Winter looked at the stack of files in front of him: papers, photographs. There were fresh printouts made by Möllerström from the hard disks, but most of the stuff smelled of the past. Five years ago, another summer. Beatrice Wägner. The papers concerning her violent death had an odor of dust and dry darkness—giving a false impression of peace—so pervasive that it almost made him push aside these cold case notes and instead take up the newly begun file on Angelika Hansson.
Reports on murder collected for eternal reading, over and over again. No peace. He’d had a special file of press clippings brought to his office. The newsprint felt as if it were a hundred years old when he touched it.
He stood up, went to the open window, and lit a Corps. The cigarillo tasted pure and soft after leafing through the old documents. It was his third of the morning. He smoked more than twenty a day. Each one was going to be his last. No smoking at home anymore, which was a good thing. Another good thing: Corps Diplomatique was a brand on its way out. His tobacconist had warned him. Every pack could be his last, but Winter was not in favor of hoarding. When Corps were no longer available, he’d stop smoking.
He inhaled, and watched the flow of traffic on the other side of the river. Streetcar, bus, car, streetcar again, pedestrians. All bathed in sunshine that cast no shadows now, as lunchtime approached.
When there are no Corps any more, I’ll quit.
When there are no corpses any more, I’ll quit. Ha!

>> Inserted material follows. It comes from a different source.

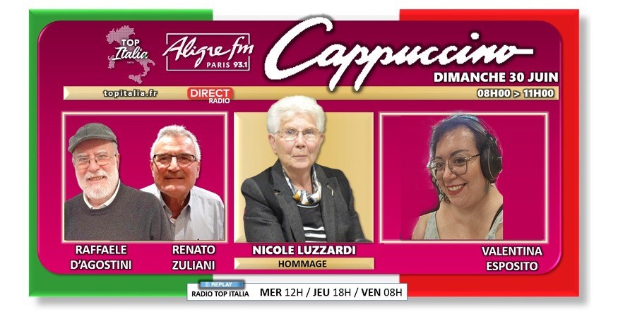 • Cappuccino # 30 juin 2024 émission présentée par Valentina Esposito avec un hommage à Nicole Luzzardi

He went back to his desk. He’d made up his mind to work his way through the Beatrice Wägner files, from the very beginning. All the witness reports, all the summaries. If there was anything there that could be of use to the present investigation, he’d find it. Try to find it. No—find it.
Beatrice Wägner had lived with her parents in a detached house in Påvelund, a western suburb of Gothenburg. Just over a kilometer south of the house in Långedrag where Jeanette Bielke lived. And it couldn’t be much more than two kilometers south from Påvelund to the house in Önnerud when Angelika Hansson had lived, Winter noted. Due south.
He stood up again, and went over to the wall map of Gothenburg and traced with his finger a line running due north from the Hanssons’ house through the Wägners’ and ending up at Jeanette Bielke’s home. A dead straight line. It was a peculiarity, but didn’t necessarily mean anything. Probably didn’t.
He kept looking at the map. Beatrice Wägner had attended the grammar school in Frölunda. Like Angelika and Jeanette, she’d passed her final exams. She’d stayed in Gothenburg when most of her friends had gone away on holiday. He recalled that she’d had some sort of summer job. Jeanette hadn’t had a summer job. Angelika had moved into a warehouse.